Searching in the Balkans

Mergim Cahani (Class of '09) might one day be thought of as the Balkans’ answer to Larry Page and Sergey Brin, the founders of Google. Co-founder and CEO of the search engine Gjirafa, he aims to bring relevant and easily accessible information to over 12 million Albanian-speaking people in the Balkans and around the world.

Gjirafa is strategically positioned in a way that Google could not hope to match: not only is the Albanian language lexically unique and complex, but much of the information that users try to find—bus schedules, for example, or business addresses—has not yet been digitized in that region. Cahani and his team are working hard to rectify the situation.

Alum Mergim Cahani 
(photo source: twitter.com)

Mergim Cahani (photo source: twitter.com)

The startup recently won $2 million in Series A funding, which will undoubtedly help bring that goal closer.

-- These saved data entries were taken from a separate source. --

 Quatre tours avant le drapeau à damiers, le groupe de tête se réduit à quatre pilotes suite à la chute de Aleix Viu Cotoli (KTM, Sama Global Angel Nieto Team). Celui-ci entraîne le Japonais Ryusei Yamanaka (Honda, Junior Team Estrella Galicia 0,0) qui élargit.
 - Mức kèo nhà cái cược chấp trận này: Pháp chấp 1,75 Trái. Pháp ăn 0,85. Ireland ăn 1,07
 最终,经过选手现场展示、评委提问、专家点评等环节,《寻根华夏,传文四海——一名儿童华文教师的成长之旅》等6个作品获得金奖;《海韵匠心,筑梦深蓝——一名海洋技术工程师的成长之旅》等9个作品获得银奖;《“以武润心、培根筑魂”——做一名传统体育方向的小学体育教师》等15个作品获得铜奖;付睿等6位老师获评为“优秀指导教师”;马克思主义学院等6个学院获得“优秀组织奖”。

Gjirafa was already named “Innovation of the Year” at the 2015 National Albanian ICT Award, and Cahani has assembled a crack advisory board that includes his former professor Torsten Suel, a noted expert in the field of search engines.

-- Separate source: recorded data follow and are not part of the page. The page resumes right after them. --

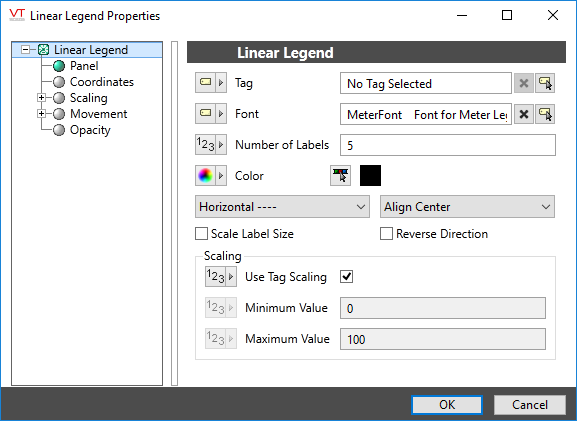 The legend must be linked to a tag before it can be grouped into a new meter as part of a tag widget. Also, a tag must be selected before the "Use tag's scaled min and max values" option can be chosen in the Scaling part of this dialog. Note that there is no Link option for this widget - linking must be done from within this properties dialog.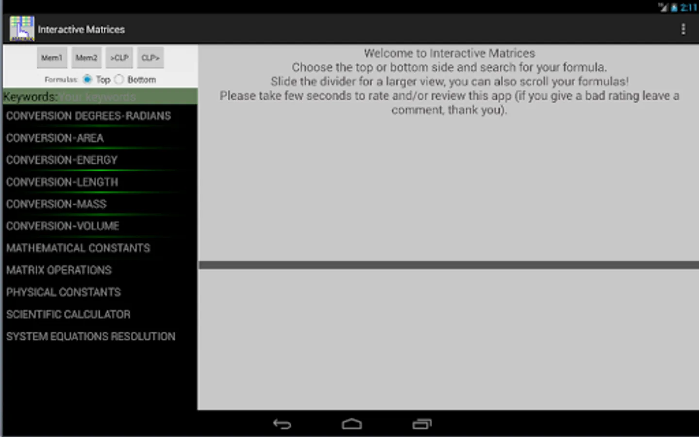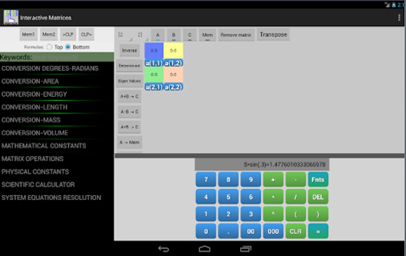 "Interactive Matrices PRO" is ideal for students and graduates, you will find a variety of useful tools for matrix calculus and you can enter a value by touch, the interactive feature make it easy to avoid typing or human errors.
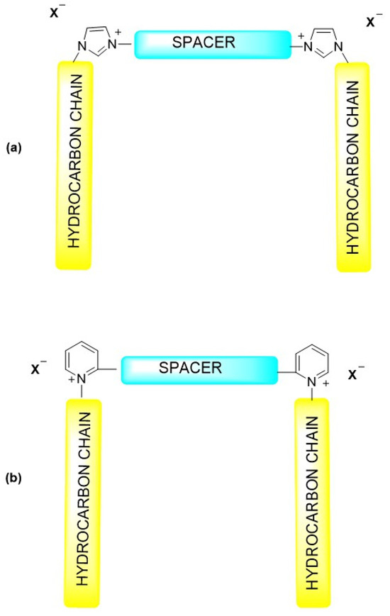 Structural diagram of (a) imidazolium- and (b) pyridinium-based gemini surfactants.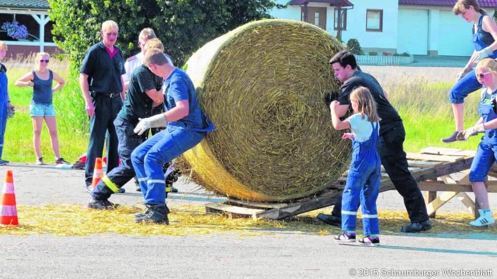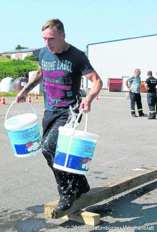 Die Elbrinxer hatten sich als Gastgeber schon einiges einfallen lassen, um möglichst unterhaltsame Aufgaben anzubieten. "Wir haben das im Team gemeinsam erarbeitet", berichtet Elbrinxens Löschgruppenleiter Ulrich Tintel. Alle zu absolvierenden Stationen hatten neben dem Spaß, der natürlich im Vordergrund stand, auch durchaus Bezüge zu feuerwehrtechnischen Anforderungen, die bei ernsthaften Einsätzen natürlich unter ganz anderen Bedingungen auftreten. Dennoch: Der Ehrgeiz aller Beteiligten war durchaus geweckt, und alle Aktiven nahmen die Spiele durchaus ernst. Bei sommerlichen Temperaturen waren speziell die Wasserspiele natürlich sehr begehrt. Da musste beispielsweise an der Storchenstation vorbei eine Wasserstrecke mit acht C-Rohren aufgebaut und eine Zielklappe mit dem Strahlrohr getroffen werden, oder es galt eine Zisterne über eine längere Wegstrecke über eine Balancestande hinweg zu füllen. Ziel einer weiteren Aufgabe war es aus zweimal je vier Saugschläuchen eine Acht zu formen, wobei die beiden Ringe ineinander verschlungen sein mussten. Kraft und Geschick waren gefordert, als es darum ging, einen mannshohen, schweren Strohrundballen über einen Hindernisparcours zu rollen. Was sich bei "Fliegender Teppich" anhört wie ein Märchen aus tausend und einer Nacht, war aber nur für ein Mitglied jeder Gruppe bequemer: Das musste sich von je vier Kameraden in einer Decke tragen lassen, ohne dass dabei der Boden berührt wurde. Wie auch bei den anderen Saufgaben wachten Schiedsrichter darüber, ob die Aufgaben auch ordnungsgemäß absolviert wurden. "Um die Neutralität zwischen den Mannschaften zu garantieren, haben wir dazu Kameraden aus Schieder-Schwalenberg als Schiedsrichter eingeladen, die uns gern dabei geholfen haben", erklärt Tintel. "Wir unterstützen natürlich dort im Gegenzug auch, wenn sie ihre Spiele durchführen." Es ging also alles mit rechten Dingen zu, und so warteten alle gespannt auf die Auswertung der Ergebnisse. Die beste Mannschaft stellte diesmal der Löschzug Lügde, gefolgt von der Löschgruppe Niese, dem Löschzug Rischenau, einer Gruppe aus Lehrgangsteilnehmer aus der gesamten Feuerwehr Lügde, die aktuell Lehrgänge am FAZ in Lemgo besuchen, der Löschgruppe Falkenhagen, der Löschgruppe Sabbenhausen, der Löschgruppe Wörderfeld, der Löschgruppe Hummersen und dem Gastgeber auf dem letzten Platz. Bei den Jugendwehren siegte Rischenau vor Lügde Kernstadt 2, Wörmketal und Lügde Kernstadt 1. Damit wird der Löschzug Lügde 2017 den Wettbewerb um den Stadtbrandmeister-Pokal ausrichten. Die Trophäe überreichte der Leiter der Freiwilligen Feuerwehr Lügde, Wolfgang Kornegger, dem Siegerteam. Natürlich gab es am Rande der Wettkämpfe auch genügend Gelegenheit zum zwanglosen Treffen. "Das ist ja auch der Sinn dieser Veranstaltung", meinte der stellvertretende Leiter der Lügder Feuerwehr, Jörg Jakob. "Hier trifft man sich mal nicht unter Einsatz- oder Dienstbedingungen sondern kann sich in lockerer Atmosphäre unterhalten und feiern. Das fördert auch das Gemeinschaftsgefühl unter den Kameradinnen und Kameraden aus den Feuerwehren der Kernstadt und der Ortsteile." Das war auch der Ursprungsgedanke, der nach der Großgemeindebildung zu diesem Wettbewerb geführt hatte. Ein dickes Lob für ihre hervorragende Vorbereitung und Ausrichtung dieser Traditionsveranstaltung kassierte die Löschgruppe Elbrinxen sowohl vom Stadtkommando als auch von Bürgermeister Heinz Reker als auch von Ortsbürgermeister Hermann Wenneker. "Für uns als Stadt ist es wunderbar zu sehen, wie unbelastet die Atmosphäre zwischen den Feuerwehren der Großgemeinde ist", freute sich der Bürgermeister.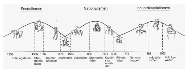 Nu till den andra delvis överlappande omläsningen. I den här sammanfattande bilden från min historiebok redovisas de elva svenska historiska epokerna sedan mitten av 1200-talet.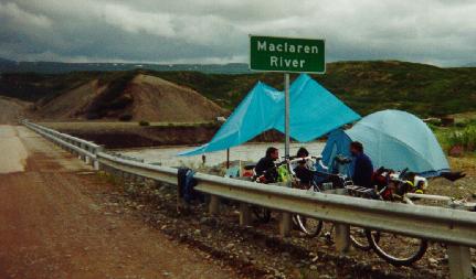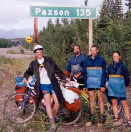 Marrianne: As evening drew nigh, we got off our bikes and looked over the tundra. Ralf said this looked like a great spot to camp. Jeremy looked incredulous. "Where?" he asked. We slept wonderfully well that night on the millions of tiny fragrent flowers of Labrador Tea. Ralf: The other man with us was a lawyer. Our English wasn't very good at that time so we didn't know what they were debating. We could tell though that despite his young age, Jeremy "won" many of those discussions. [We never heard from the third rider, Don Logan, and learn now we never will., backup. ] |
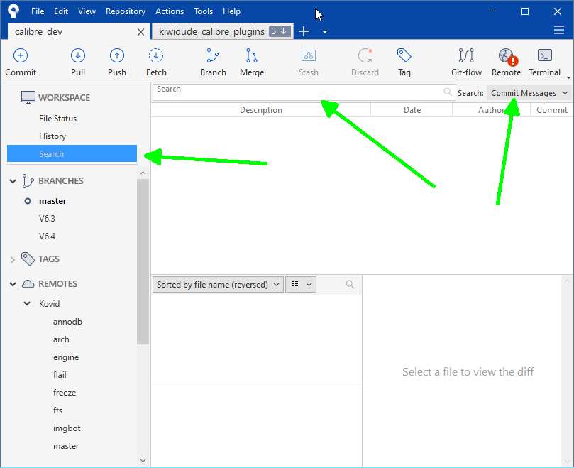 Just curious: How do you find changes? Github "log searching is not yet available." I haven't found a search in SourceTree.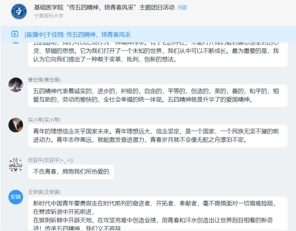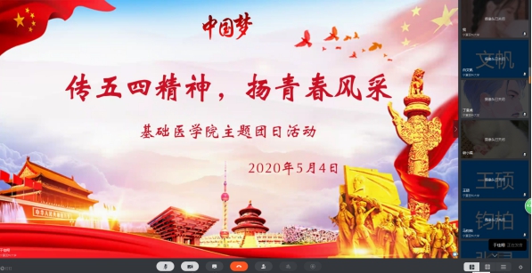 为弘扬“爱国、进步、民主、科学”的伟大五四精神,引导团员青年“坚定理想信念,站稳人民立场,练就过硬本领,投身强国伟业”。5月4日上午,基础医学院在钉钉平台上开展了纪念五四运动101周年“传五四精神,扬青春风采”线上主题团日活动,深入学习习近平总书记重要讲话精神。学院党委书记周文韬、副书记马立虎及团总支书记杨兴莲和200多名青年学生参加了活动。活动由于佳翔同学主持。

Cahani’s long-term goal is to become “the front page of the Albanian speaking web,” he says. “To be synonymous with ‘Internet’ in the Albanian mind. If you speak Albanian, when you open a browser, it will open on www.gjirafa.com. We will provide highly relevant services and ease of access to information that is geographically localized and based on the Albanian language. Gjirafa will be more than just a useful search engine, it will be everywhere for everything.”